Спросите у пожилой женщины из тех, кто еще с идишем в ладах, что она так злится, чистя, скажем, картошку.
— А! — ответит она. — А идишер мессер!
И тут не следует переводить сказанное ею дословно как «еврейский нож», хотя именно так дословно она и выразилась.
Переводить следует как «нож никуда не годится, он не режет, он безнадежно затупился, а с них разве можно помощи ждать? И т. д.». («С них» — от мужа, сына, зятя — ненужное зачеркнуть.)

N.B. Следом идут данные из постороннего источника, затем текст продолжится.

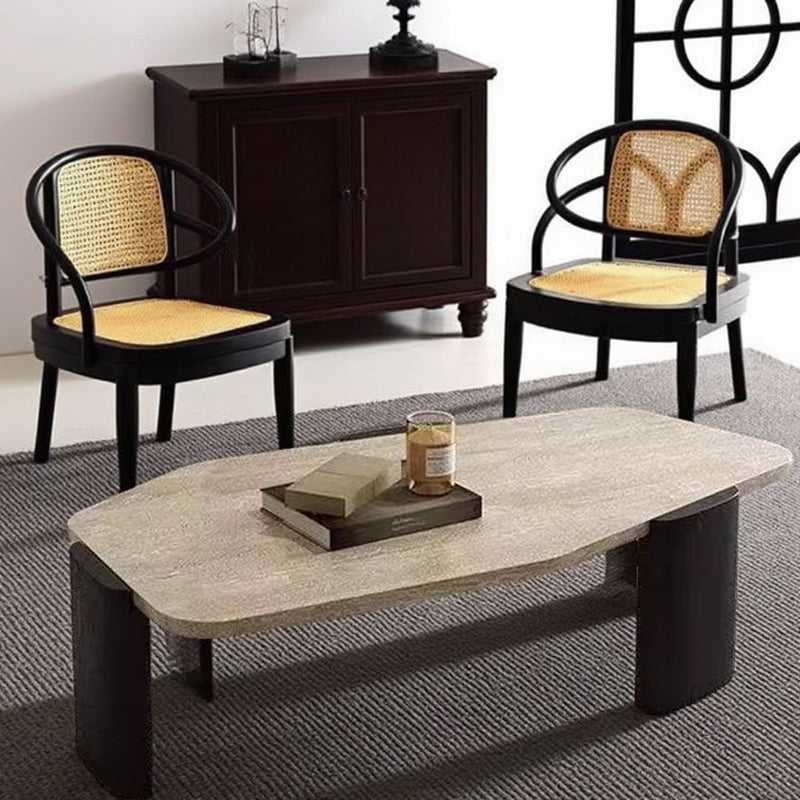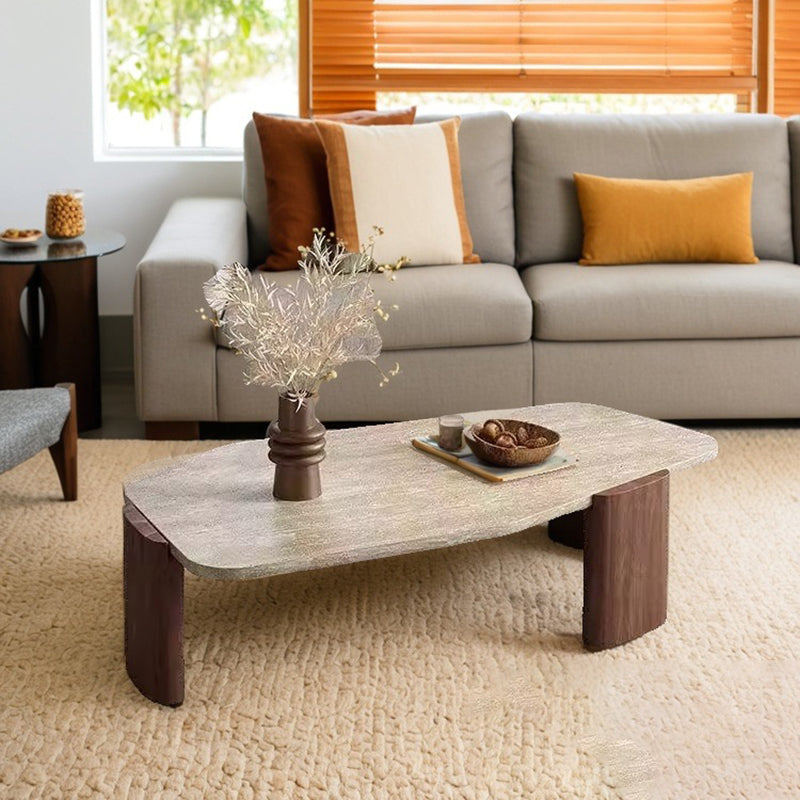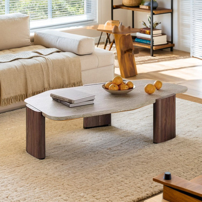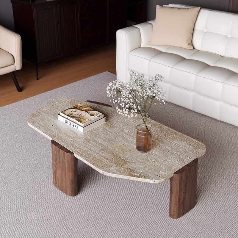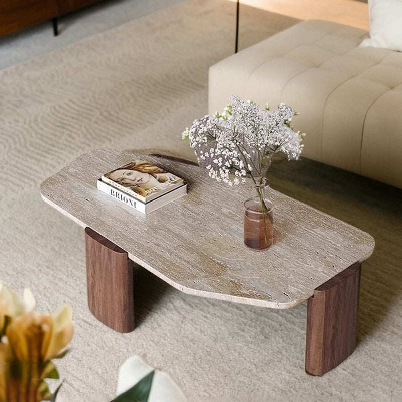 This vintage-inspired coffee table captures the essence of wabi-sabi refinement, pairing an organic, irregular natural stone tabletop with elegantly tapered solid wood legs. The sophisticated contrast of deep walnut and black tones lends a timeless character to the piece, ensuring it serves as a compelling statement in any setting. Expertly engineered for both stability and longevity, its space-conscious silhouette makes it an ideal choice for living rooms and curated small spaces seeking a perfect balance of sturdy craftsmanship and artistic soul.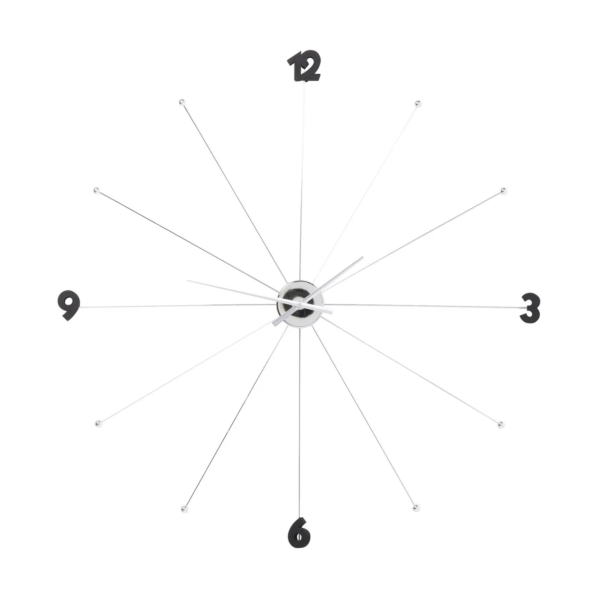 This wall clock in the design of an open umbrella combines sculptural elegance with functional timekeeping. The polished steel frame with a chrome finish radiates modern luxury and adds a shiny accent to any wall. The minimalist numerals - only the 3, 6, 9 and 12 are shown as numbers - underline the purist design and make the room appear spacious. Ideal for loft apartments, modern kitchens or as a statement in hallways, this clock blends harmoniously into various interior design styles. Its delicate structure and elegant coloring make it an eye-catcher that is both functional and aesthetically pleasing.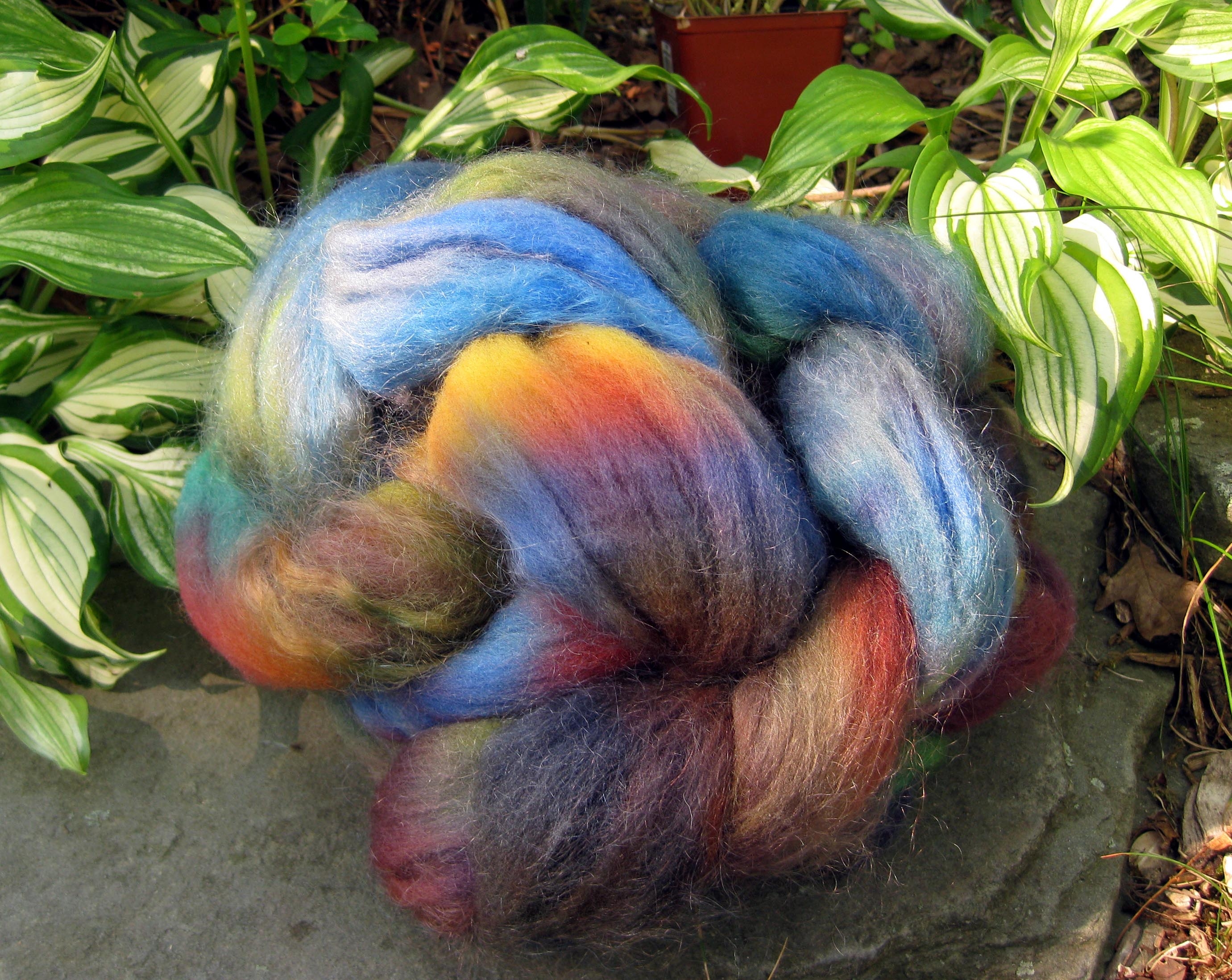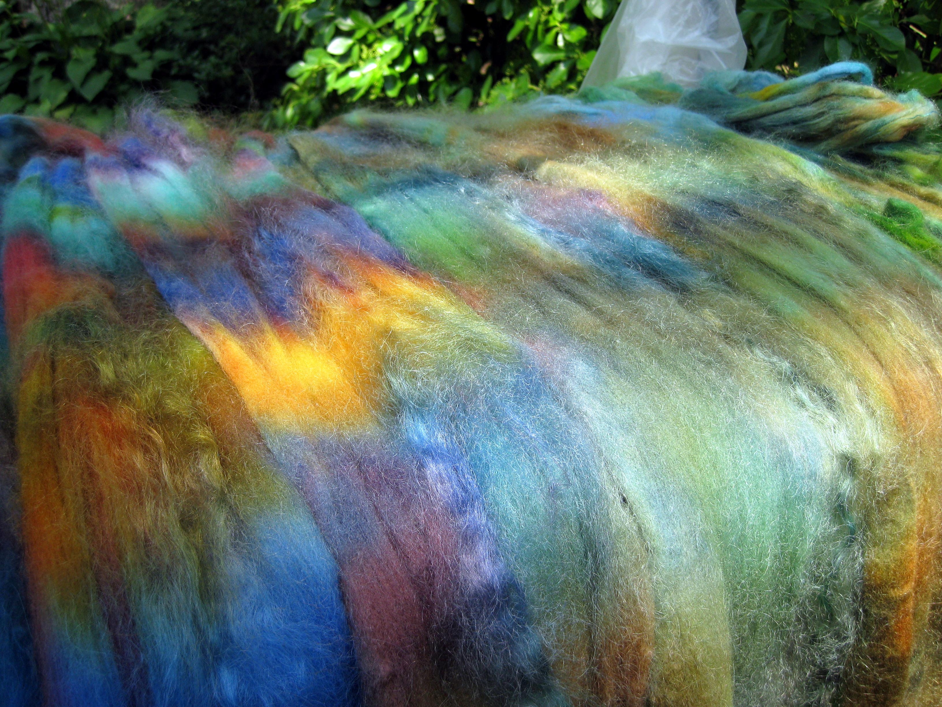 The other thing to note (and new link on the list) is the Sheep Shed Studio in Montana. Fifteen pounds of white roving for around $100 with shipping. These are all the Brown Sheep Yarn mill ends. The one pictured above is the 75% wool and 25% mohair and you can see the vein of mohair running through it. All great roving and I doubt I will ever buy a plain white fleece again because, by the time I get through washing and processing, I have spent double what it would cost to just get it from Sheep Shed.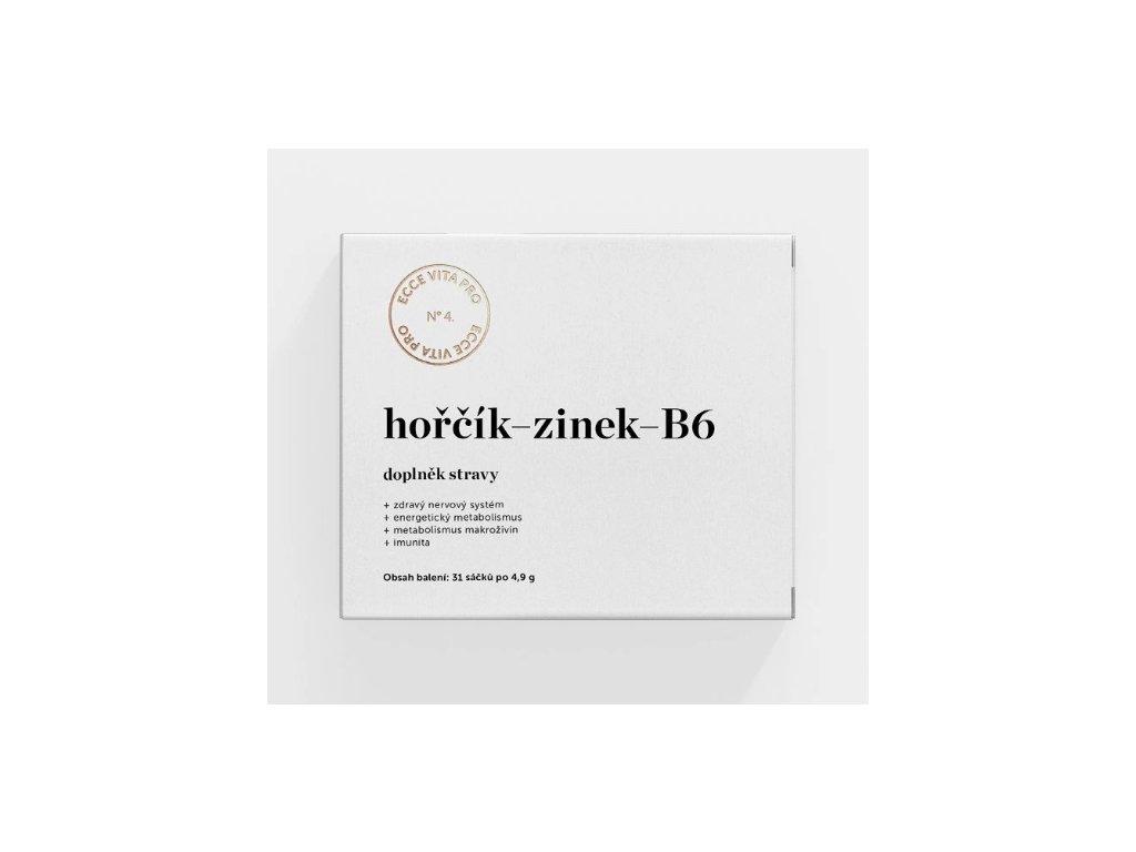 Inovovaná, velmi účinná směs minerálů hořčíku a zinku s vitaminem B6 ve vysoce vstřebatelných chelatovaných formách pro podporu zdravého nervového systému, energetického metabolismu, metabolismu makroživin a imunity. Obsahuje ještě více hořčíku v jednom balení a aktivní formu vitaminu B6. Receptura vznikla ve spolupráci společnosti Ecce Vita s dr. Davidem Frejem a Kateřinou Boesenberg, ND.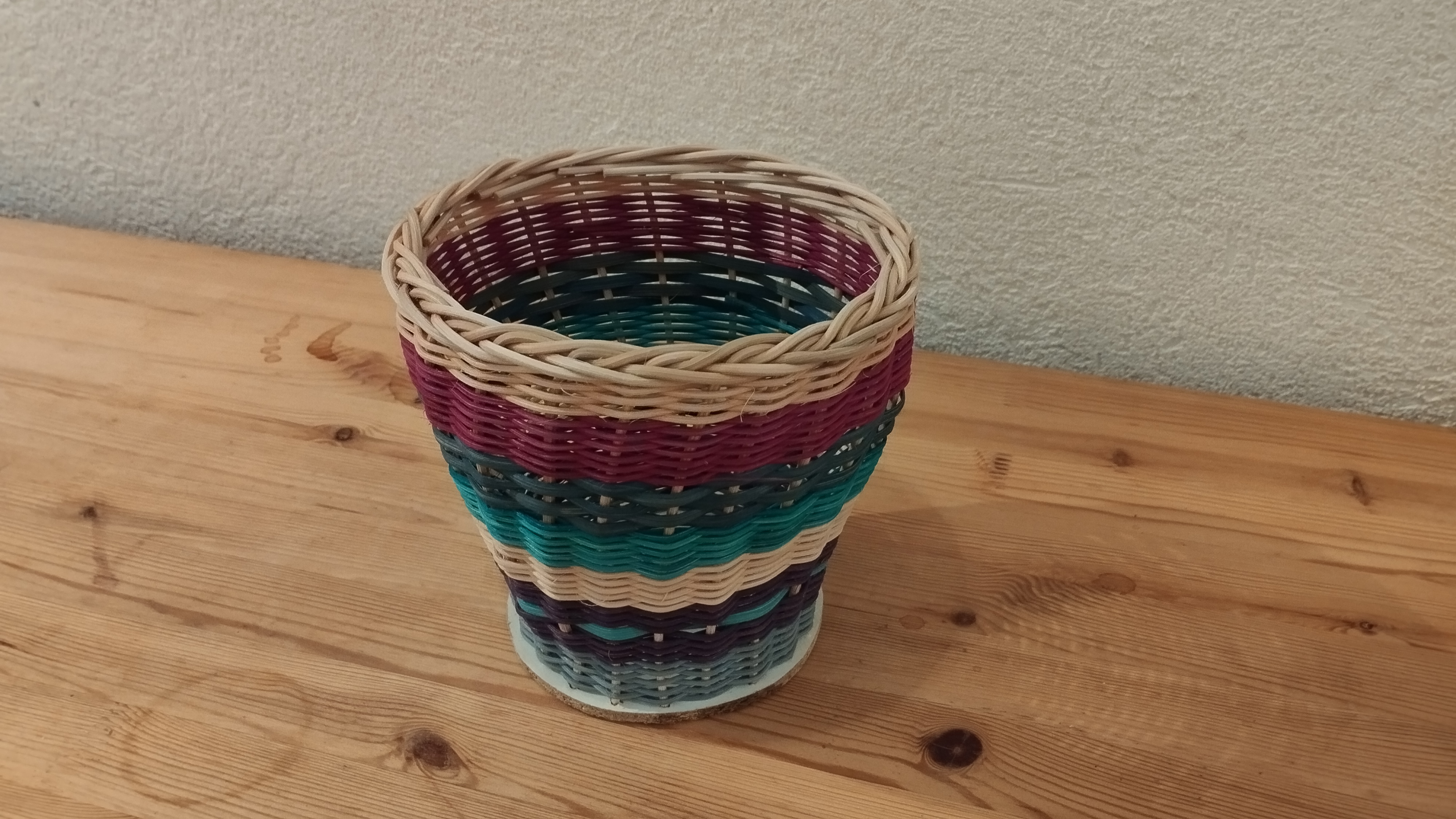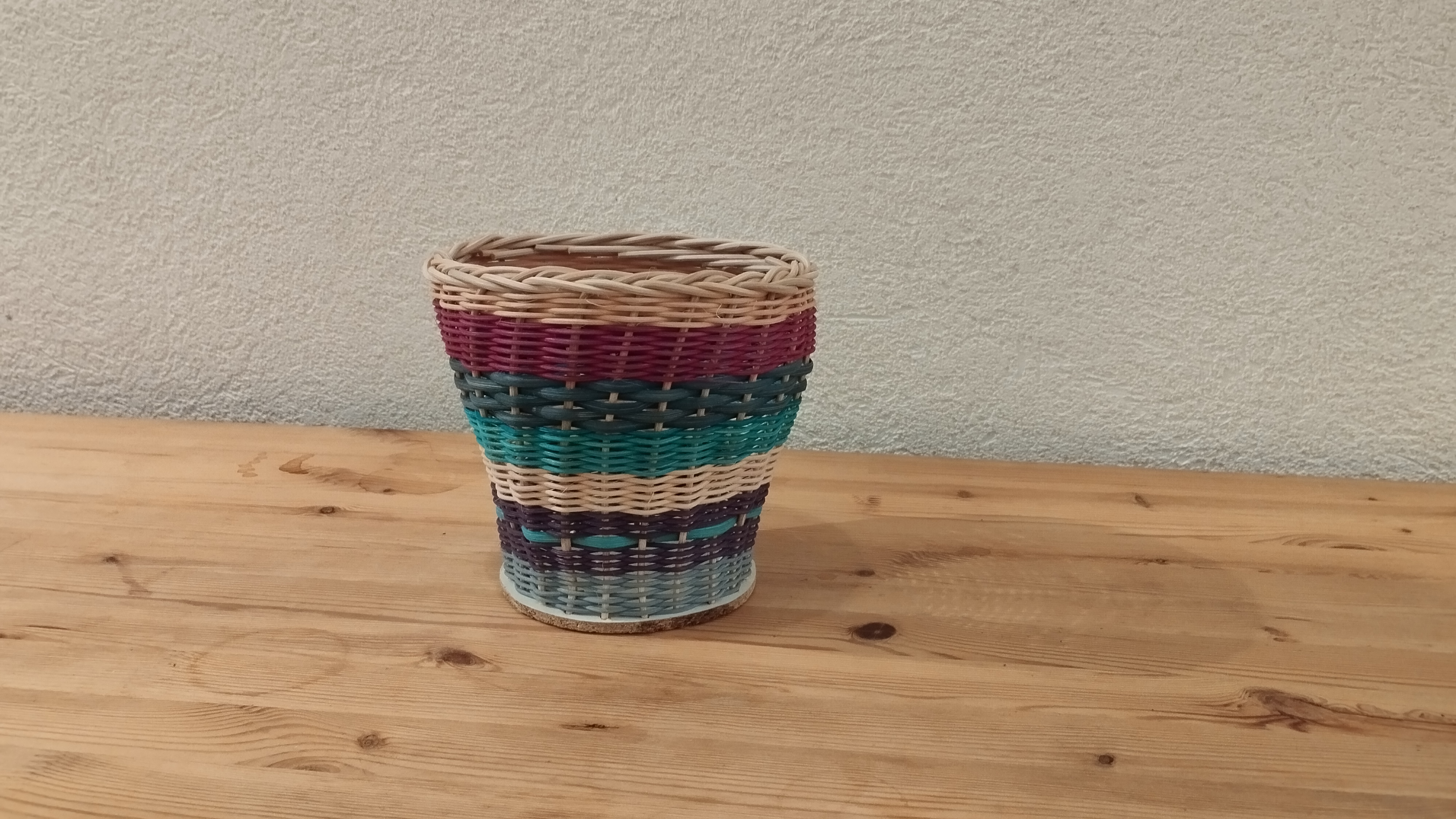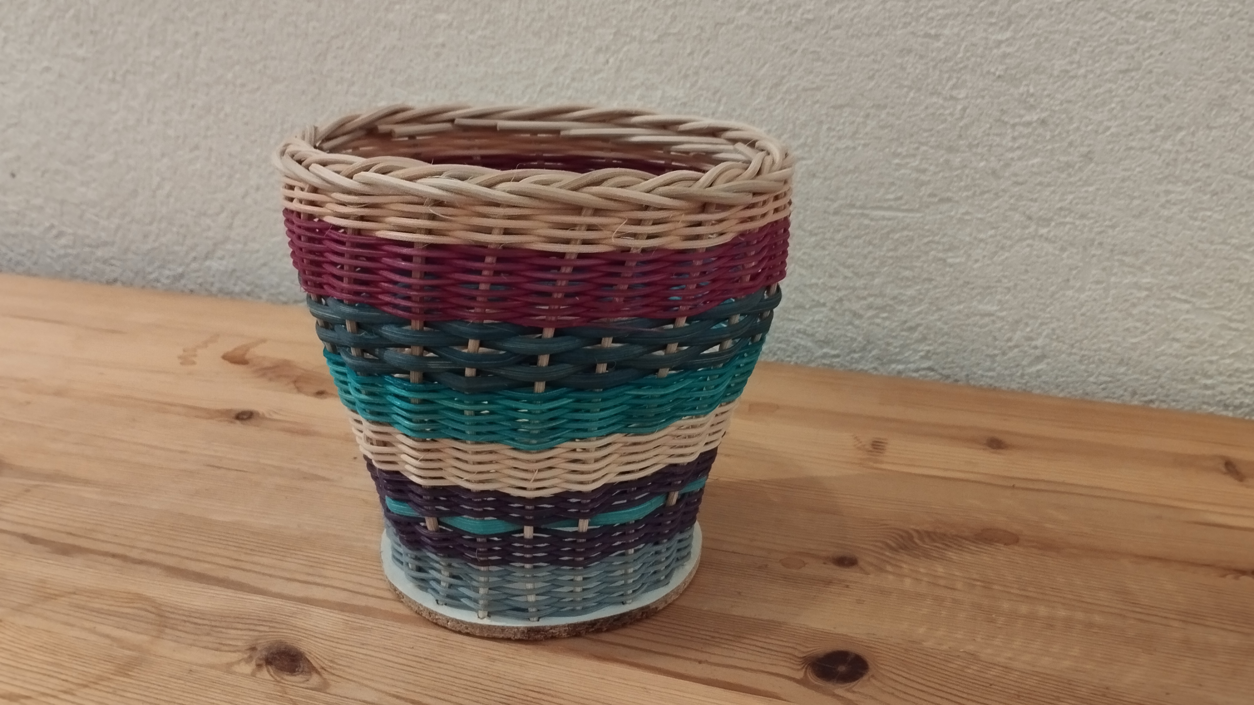 Cara a tressé sa première corbeille en rotin. Elle est partie d’un support en bois et a tressé avec de la moelle et de l’éclisse.

Как-то автор этих строк пришел в гости к своей знакомой — очень приятной даме. Стоило ему сесть на диван, как к нему на колени прыгнула пушистая кошечка. Автор — то есть я — почесал кошечку за ухом. Та замурлыкала, как-то очень уютно устроилась, так что согнать ее не представлялось возможным, хотя чай пить стало неудобно. Хозяйка, увидев, что кошка мне понравилась, заметила, что животное это очень деликатное и ласковое. И чтобы усилить описание положительных черт кошки, добавила на идише: «А идише кецеле!» Что дословно, как вы понимаете, означало «еврейская кошечка», но переводить выражение следовало: «Ой, какая ласковая и душевная!»
В ходе беседы выяснилось, что хозяйке в этом доме старой постройки докучают мыши.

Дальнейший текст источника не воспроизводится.